> [Work to complete] Within the records that follow, restate exactly the lines from the line with "参加賞(参考デザイン):フィ" down to the line with "吳學榕代表中共麗江市委對頒獎", including both. Omit the pictures.

> [Data extract]
##############################

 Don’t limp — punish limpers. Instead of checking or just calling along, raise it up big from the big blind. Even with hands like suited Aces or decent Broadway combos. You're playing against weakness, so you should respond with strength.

##############################

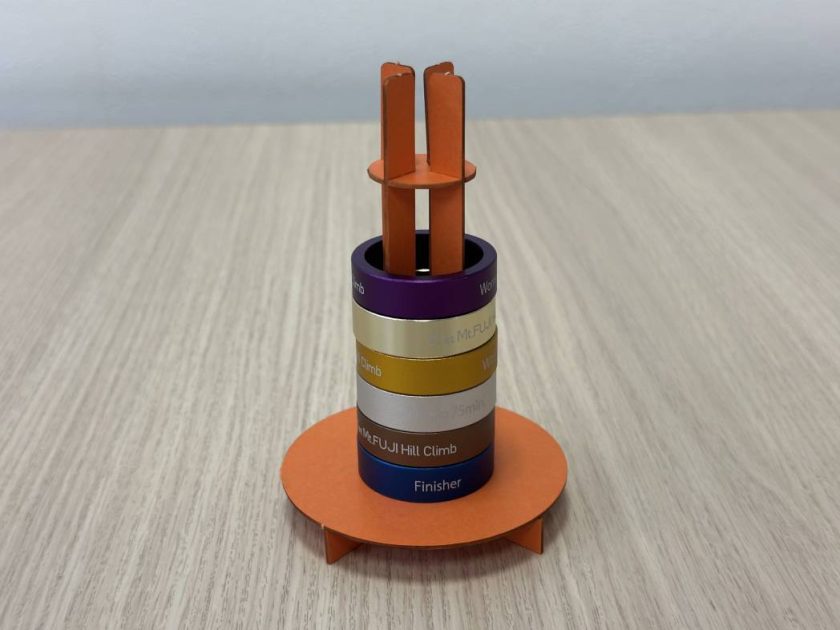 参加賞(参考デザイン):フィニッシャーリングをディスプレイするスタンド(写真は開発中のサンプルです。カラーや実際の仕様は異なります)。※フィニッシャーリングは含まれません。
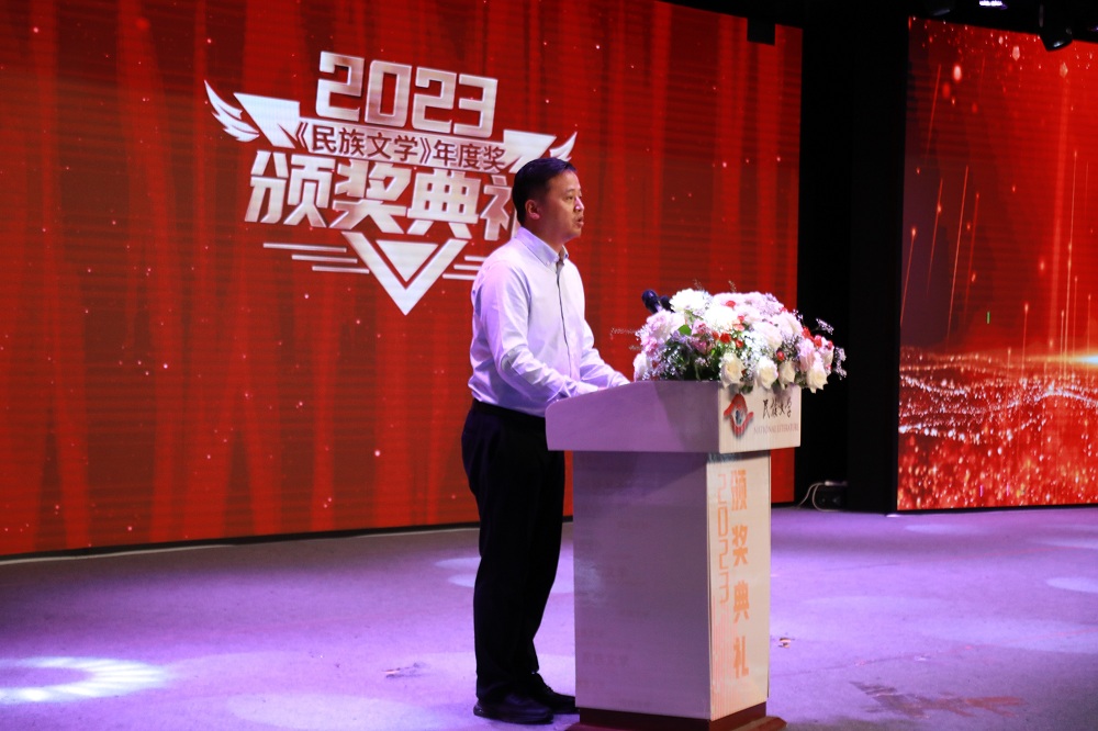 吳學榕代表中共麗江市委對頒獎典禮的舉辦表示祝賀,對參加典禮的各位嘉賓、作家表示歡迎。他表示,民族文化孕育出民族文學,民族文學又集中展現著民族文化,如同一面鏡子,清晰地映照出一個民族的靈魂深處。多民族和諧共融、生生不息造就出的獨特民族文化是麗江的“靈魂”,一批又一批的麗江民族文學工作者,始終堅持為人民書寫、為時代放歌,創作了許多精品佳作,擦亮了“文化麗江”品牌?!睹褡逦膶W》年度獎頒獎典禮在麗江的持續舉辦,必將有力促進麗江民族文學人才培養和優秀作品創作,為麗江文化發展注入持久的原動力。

##############################

> [Output of the task]
 参加賞(参考デザイン):フィニッシャーリングをディスプレイするスタンド(写真は開発中のサンプルです。カラーや実際の仕様は異なります)。※フィニッシャーリングは含まれません。
 吳學榕代表中共麗江市委對頒獎典禮的舉辦表示祝賀,對參加典禮的各位嘉賓、作家表示歡迎。他表示,民族文化孕育出民族文學,民族文學又集中展現著民族文化,如同一面鏡子,清晰地映照出一個民族的靈魂深處。多民族和諧共融、生生不息造就出的獨特民族文化是麗江的“靈魂”,一批又一批的麗江民族文學工作者,始終堅持為人民書寫、為時代放歌,創作了許多精品佳作,擦亮了“文化麗江”品牌?!睹褡逦膶W》年度獎頒獎典禮在麗江的持續舉辦,必將有力促進麗江民族文學人才培養和優秀作品創作,為麗江文化發展注入持久的原動力。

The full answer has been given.